Грязь всегда делает свое черное дело. Достаточно вспомнить, как грязь коснулась царской фамилии и к чему это привело. Увы, и поднимающие меч за справедливое дело берут его нечистыми руками! Я же глубоко убежден, что, не очистившись духовно, мы не только не победим, но даже в случае победы принесем зла больше, чем потерпев поражение.

Цель не оправдывает средств. В этом мое кредо, выстраданное годами национальной трагедии. Для меня эта мысль аксиоматична.

К великому сожалению, для Вас, да и для огромного большинства, этот простой постулат все еще требует доказательств. Ждать, пока его осознают как истину даже лучшие, субъективно честные люди, к которым я отношу и Вас, господин подполковник, у меня нет больше сил.

Я ухожу.

Господь нас рассудит.

Прощайте!»

Владимир Артемьевич перечитал написанное и нашел, что выразил свои мысли ясно и достаточно коротко. После этого он твердо и четко поставил подпись и дату.

Оставалось запечатать письмо в конверт и подготовиться к главному.

Конверт был под рукой, в верхнем ящике стола, а наган под подушкой на койке.

Достав револьвер, Владимир Артемьевич снова присел к столу, покрутил барабан и извлек патроны. Каждый он осмотрел, будто проверяя, не подведет ли, и один за другим снова вставил в гнезда. Потом он внимательно осмотрел свои руки, уловил запах ружейного масла и заметил на указательном пальце следы чернил. Это ему не понравилось. Он подошел к комнатному умывальнику и долго тер намыленные пальцы, а затем так же долго и тщательно вытирал их вафельным полотенцем.

Подумалось, а не дописать ли «я умываю руки», но показалось высокопарным, и мысль эту он оставил.

Владимир Артемьевич успел еще уложить лист в конверт, но подписать конверт не успел. Возникла боль, невыносимая и одновременно такая, что ни крикнуть, ни пошевелиться не было сил. Он лишь прижал левую руку к груди, стремясь пальцами к сердцу, но смерть дотянулась раньше, и все позабылось…

* * *

А Самойлович тем временем нервно передвигался по тесному кабинету, переживая недавнюю передрягу.

«Чем же это кончится?» – ломал он голову и ничего особенно утешительного впереди не видел. Но прежде всего следовало объясниться с жильцом, и Самойлович, проклиная сумасшедшую жизнь, подошел к комнате Владимира Артемьевича и постучал в дверь.

Никто не откликнулся.

Он постучал громче.

Жилец безмолвствовал.

«Неужели ушел? Как я мог не заметить? Я бы услышал… Заснул? Еще не так поздно…»
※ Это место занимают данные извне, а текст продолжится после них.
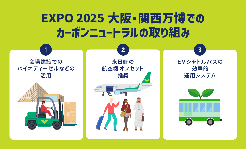2025年4~10月に開催される関西・大阪万博では、脱炭素・資源循環に関して目指すべき方向性や核となる対策の候補をまとめたグリーン・ビジョンが作成されました。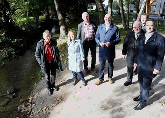 An dieser Stelle wird wohl ab 2023 renaturiert: der Eckbach in Dirmstein, Von links: Andreas Valentin, Planer der Renaturierung, Ministerin Katrin Eder, Ortsbürgermeister Bernd Eberle, Kreisbeigeordneter Sven Hoffmann, VG-Beigeordneter Karl Meister, Dennis Zimmermann (Leiter des Fachbereichs 2) und Bürgermeister Frank Rüttger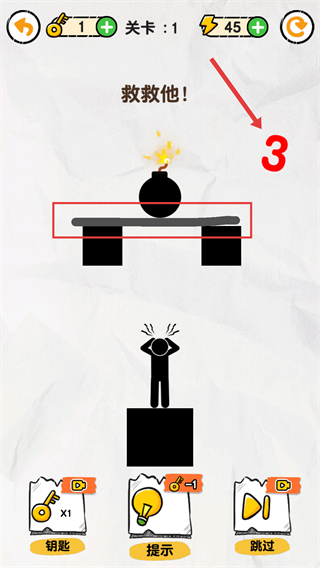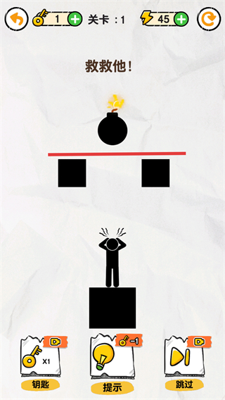 2、进入【关卡:1】,场景显示炸弹在火柴人上方,根据红线进行绘画阻挡炸弹。
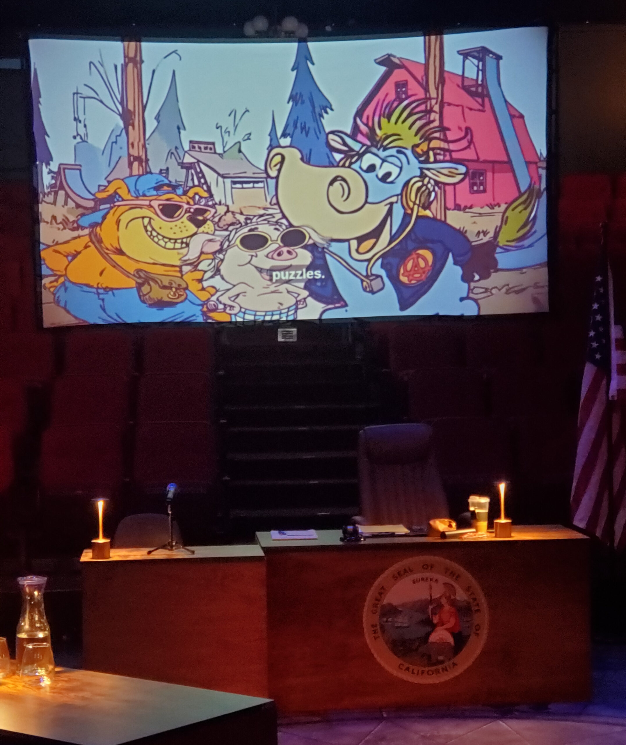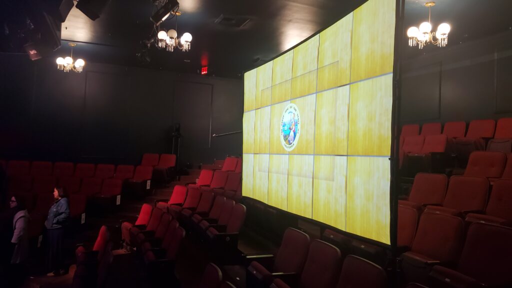 I immediately noticed the large screen mounted up over one of the seating quadrants. I didn’t expect to be seeing a presentation tonight, but then, what did I expect?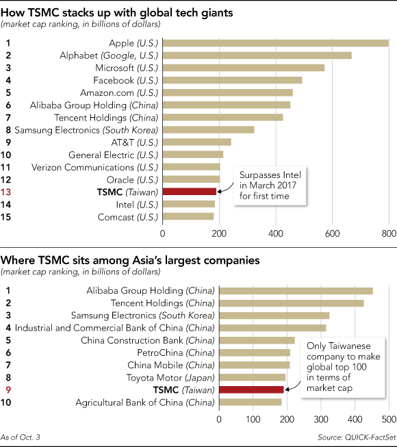 TSMC vanta circa 450 clienti; non solo Apple (il cliente più importante) ma anche nomi quali Qualcomm, Nvidia, Broadcom, MediaTek, HiSilicon Technologies (Huawei) e NXP che controllano il 56% del mercato delle fonderie mondiali.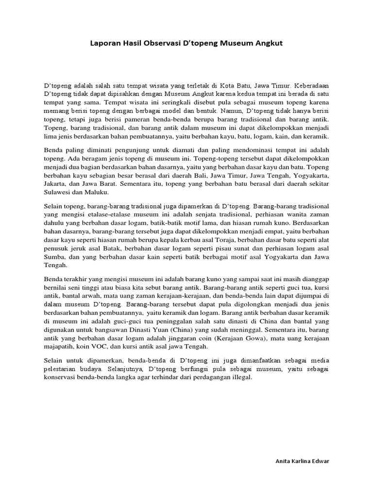 Berdasarkan hasil wawancara dengan 20 orang guru di Kabupaten Grobogan diperoleh data sebagai berikut 1 65 guru tahu akan keberadaan museum dan pernah kesana 2 30 guru. Museum ini dibangun dengan dana yang terkumpul dari masyarakat. D TOPENG MUSIUM ANGKUT Contoh Laporan Hasil Observasi Dtopeng Museum Angkut Dtopeng adalah salah satu tempat wisata yang terletak di Kota Batu Jawa Timur.

Он с трудом согнул свое рыхлое тело, присел на корточки, так что живот почти коснулся колен, и приподнял заслоночку, прикрывавшую замочную скважину. Ключ находился в дверях со стороны комнаты, и был заметен свет.

«Нарочно не открывает, – разозлился Самойлович. – Скажите пожалуйста! Корчит идейного. А сам за пять минут договорился с бандитом! Я ему сейчас скажу. Оба одного поля ягода. И за что мне эти напасти!..»

И он постучал громко, требовательно.

Но ответа по-прежнему не было.

«Ну, это просто я не знаю что…»

– Владимир Артемьевич! Что вы прячетесь?

Ни звука.

– Я и сам войду. Я тут хозяин.

Самойлович взял свой ключ и потолкал ключ в двери. Тот почти без усилий вывалился внутрь.

– Я открываю, Владимир Артемьевич.

Страх уже овладевал им, но, приоткрыв дверь, он на мгновение успокоился – квартирант сидел за столом.

– Что ж это вы? Я же стучу.

И тут он увидел, что голова жильца лежит на столе, а руки неподвижно свисают вдоль спинки и ножек стула.

Частью от страха, а больше из осторожности Самойлович подошел к столу на цыпочках.

Голова Владимира Артемьевича, как пресс-папье, придавливала незапечатанный конверт, рядом лежал револьвер. В состоянии его сомневаться не приходилось.

«Как же я мог не услышать выстрел?» – подумал Самойлович в недоумении, рассматривая все еще с цыпочек мертвого квартиранта.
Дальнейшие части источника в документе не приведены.